Task description -> The listing below should be reproduced exactly, with the pictures omitted.

Data extract ->
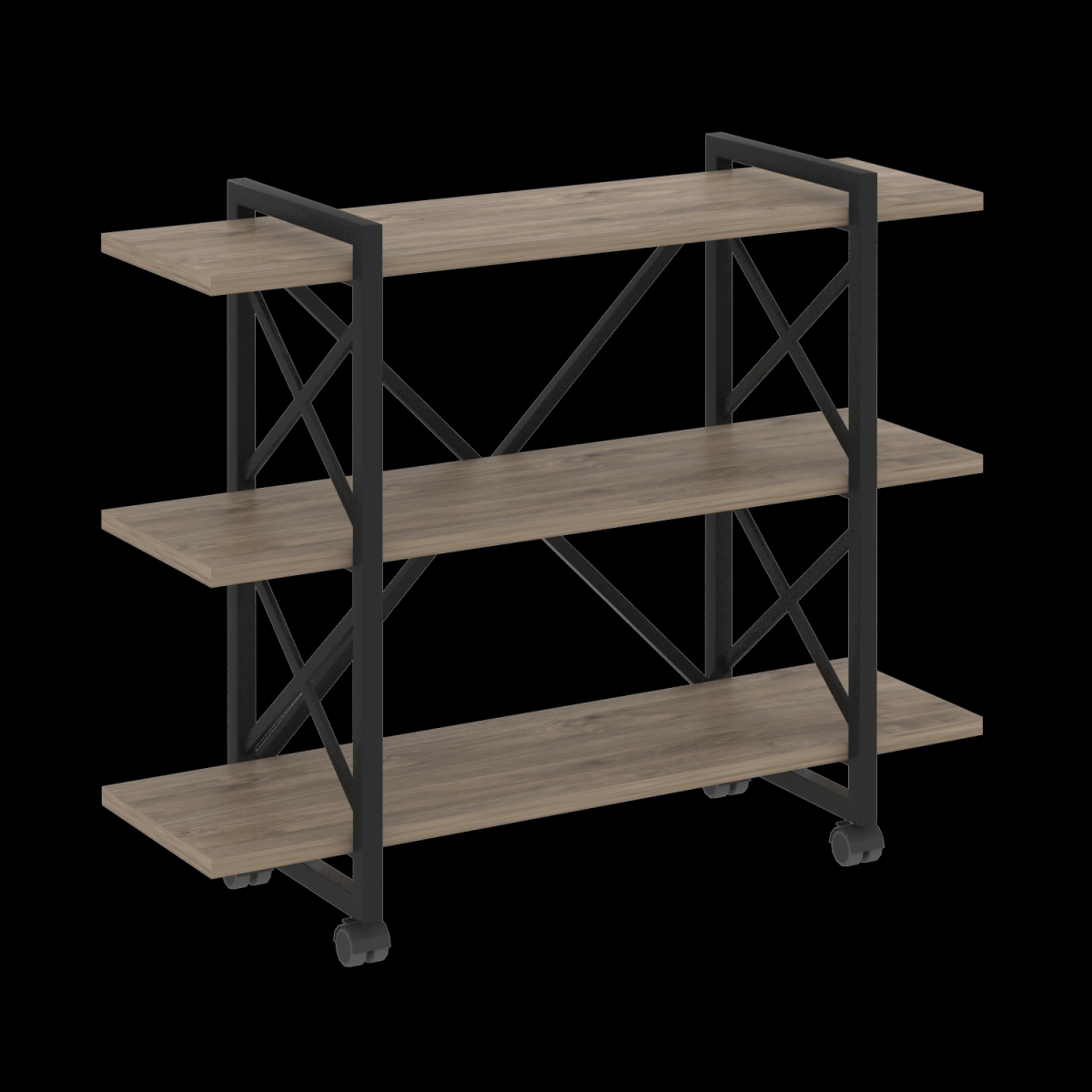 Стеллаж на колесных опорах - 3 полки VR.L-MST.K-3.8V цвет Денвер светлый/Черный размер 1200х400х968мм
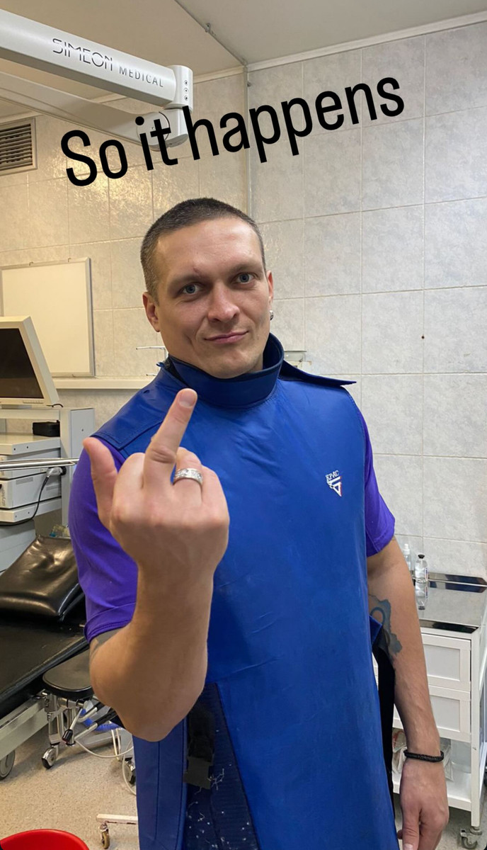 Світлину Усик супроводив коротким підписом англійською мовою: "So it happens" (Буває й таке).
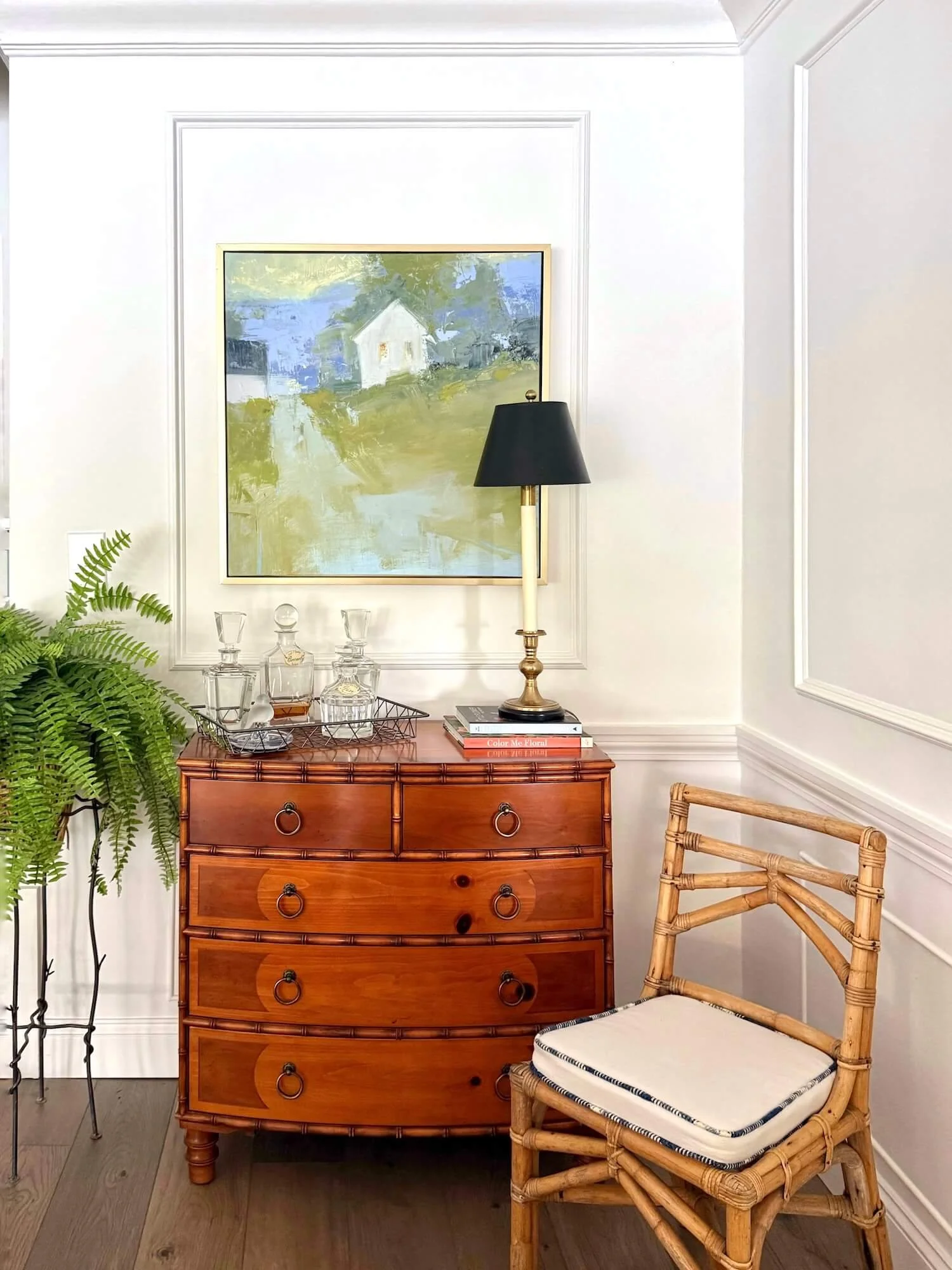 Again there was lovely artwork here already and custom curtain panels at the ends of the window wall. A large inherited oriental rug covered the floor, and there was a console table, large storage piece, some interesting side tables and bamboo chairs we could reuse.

Answer for the task ->
 Стеллаж на колесных опорах - 3 полки VR.L-MST.K-3.8V цвет Денвер светлый/Черный размер 1200х400х968мм
 Світлину Усик супроводив коротким підписом англійською мовою: "So it happens" (Буває й таке).
 Again there was lovely artwork here already and custom curtain panels at the ends of the window wall. A large inherited oriental rug covered the floor, and there was a console table, large storage piece, some interesting side tables and bamboo chairs we could reuse.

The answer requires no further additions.